Easy Pizza Soup

Easy Pizza Soup

Here’s a pretty quick and easy way to put a bowl of warm comfort on the table – pizza soup! Classic pizza elements like pepperoni, sausage, onion, peppers, and tomato come together to delight your taste buds.

Prep work for this one is pretty quick. Dice an onion, dice a pepper, unwrap a pack of sliced mushrooms, open a few cans, and Bob’s your uncle. If you have loose/uncased sausage meat, that saves you a few minutes too. But squeezing the meat out of the sausage casings can be therapeutic too, even if it adds a few minutes of prep time.

Serve it up hot, with a slice or two of garlic toast for dipping, and shredded cheese for those who want to add the gooeyness of a hot slice of pizza, and you have a meal that even fussy kids should enjoy! Or fussy husbands/wives/relatives/friends/neighbours/co-workers/random homeless people … the list goes on.

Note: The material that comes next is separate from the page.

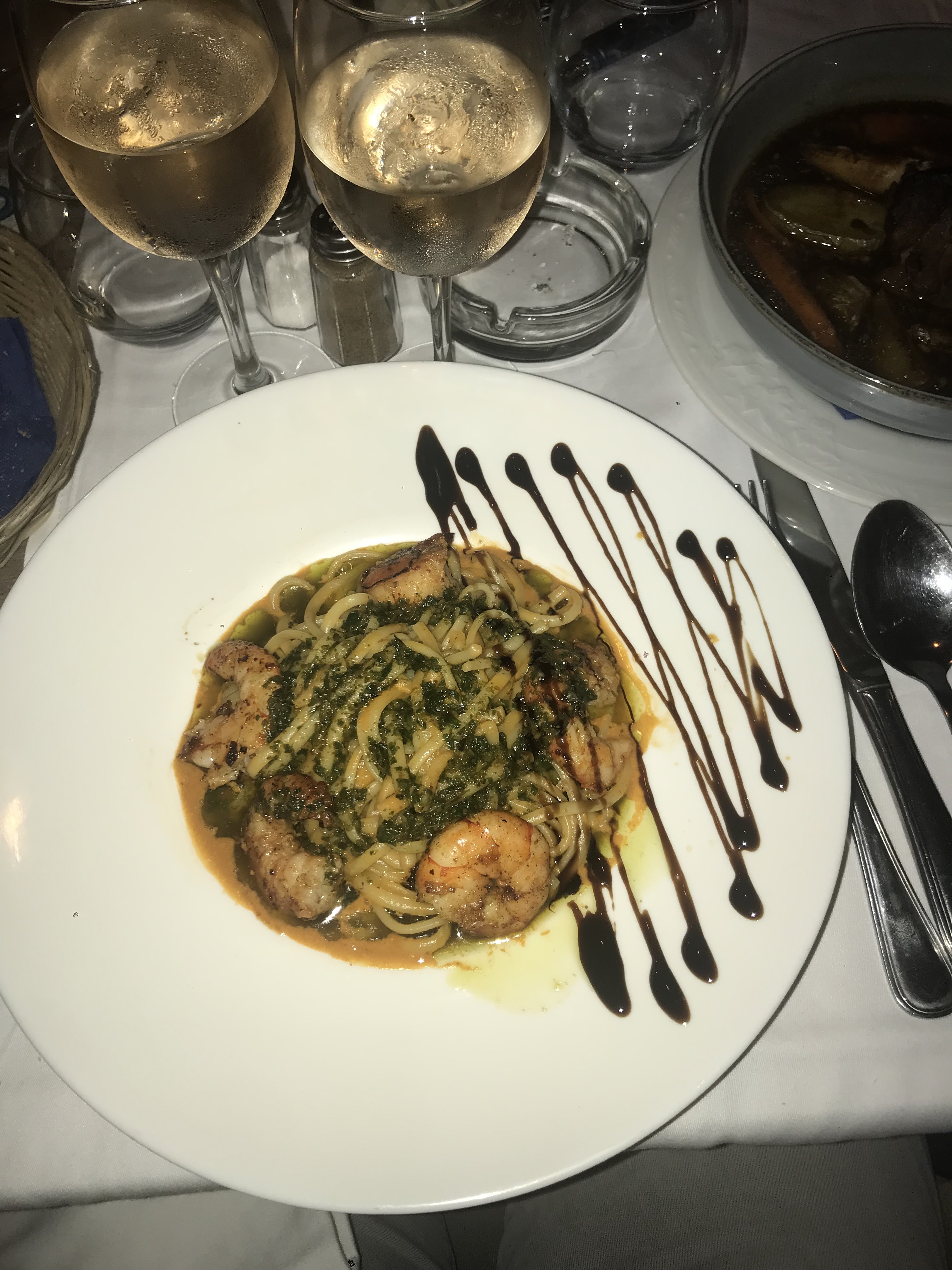 La côte de veau est un régal !! Le foie gras vaut le détour j’ai été déçue par les pâtes aux gambas trop cuites avec une sauce inappropriée dommage !!!!

I’ll shut up now and give your the recipe. Cheers!

Easy Pizza Soup

The flavours of your favourite meaty pizza in a hot bowl of comfort soup!
Prep Time15 minutes
Cook Time45 minutes
Total Time1 hour
Course: Soup
Cuisine: American
Keyword: comfort, onion, pepperoni, peppers, pizza, sausage, soup, tomato
Author: Chris Pollard


  • Soup pot
  • Cutting board
  • Knife


  • 2 lbs sausage meat mild Italian
  • ¾ package pepperoni pizza slices
  • 1 medium onion white/yellow/sweet/your choice
  • 1 bell pepper (green/yellow/red/etc) diced
  • 2 cans condensed tomato soup
  • 2 cans water use tomato soup cans as measures
  • 1 can diced tomatoes 540mL
  • 227 grams mushrooms sliced (½ pound)
  • ground black pepper to taste
  • kosher salt to taste
  • 1 big pinch basil dried
  • 1 big pinch oregano dried
  • 1 big pinch sage ground


  • Add sausage meat to pot, fry on high heat. If you don't have loose sausage meat, squeeze the meat out of the casings of regular old mild Italian sausages and you're golden. It's what I do most of the time.
  • Break up sausage as it cooks. Not too fine though. Leave it a little chunky.
  • Once sausage is almost cooked through, add diced onions to the pot.
  • Reduce heat to between medium and medium-high. (One a 1-10 scale, about a 7.)
  • Take your pepperoni slices and cut them up. I make stacks and slice them in 8 wedges, like a pizza slice! But I'm weird. Cut them any way you want. I just find that a good size.
  • Add the pepperoni to the pot.
  • Dice up a large bell pepper and add it to the pot. Green peppers will give you the most colour contrast, and look nicer, but I used a yellow pepper for the soup in the photo, because I had one in the fridge. Use what you have. Green is just a little 'prettier' in the pot.
  • Add both cans of condensed tomato soup.
  • Stir it all together with the contents of your soup pot to coat everything.
  • Fill both cans with water (I use hot water to keep things from cooling down too much) and stir them into the pot.
  • Add can of diced tomatoes to the pot.
  • Add the package of sliced mushrooms to the pot.
  • Stir it all together and bring it back up to a boil.
  • Add salt, pepper, oregano, sage, and basil to the pot.
  • Reduce heat to low, cover, and let simmer for about 30 minutes. Stirring every 10 minutes or so to make sure nothing sticks/burns to the bottom of the pot.
  • When the mushrooms have shrunk down to about half their size (right around that magic 30 minute mark), give it a little taste, add any extra seasoning you think it needs, and serve.


If you like things spicier, you can substitute in spicy Italian sausage – or add a pinch or two of crushed chili flakes. 
We serve it with thick slices of garlic toast for dipping. My wife also likes to add a big pile of shredded mozzarella cheese while it’s piping hot for gooey, cheesy goodness. It’s really tasty, I’m just not a fan of melted cheese in my soup and how it always ends up sticking to the spoon. But it’s REALLY good that way. 
If you have other favourite pizza toppings, try adding them in! It’s a great recipe to experiment with.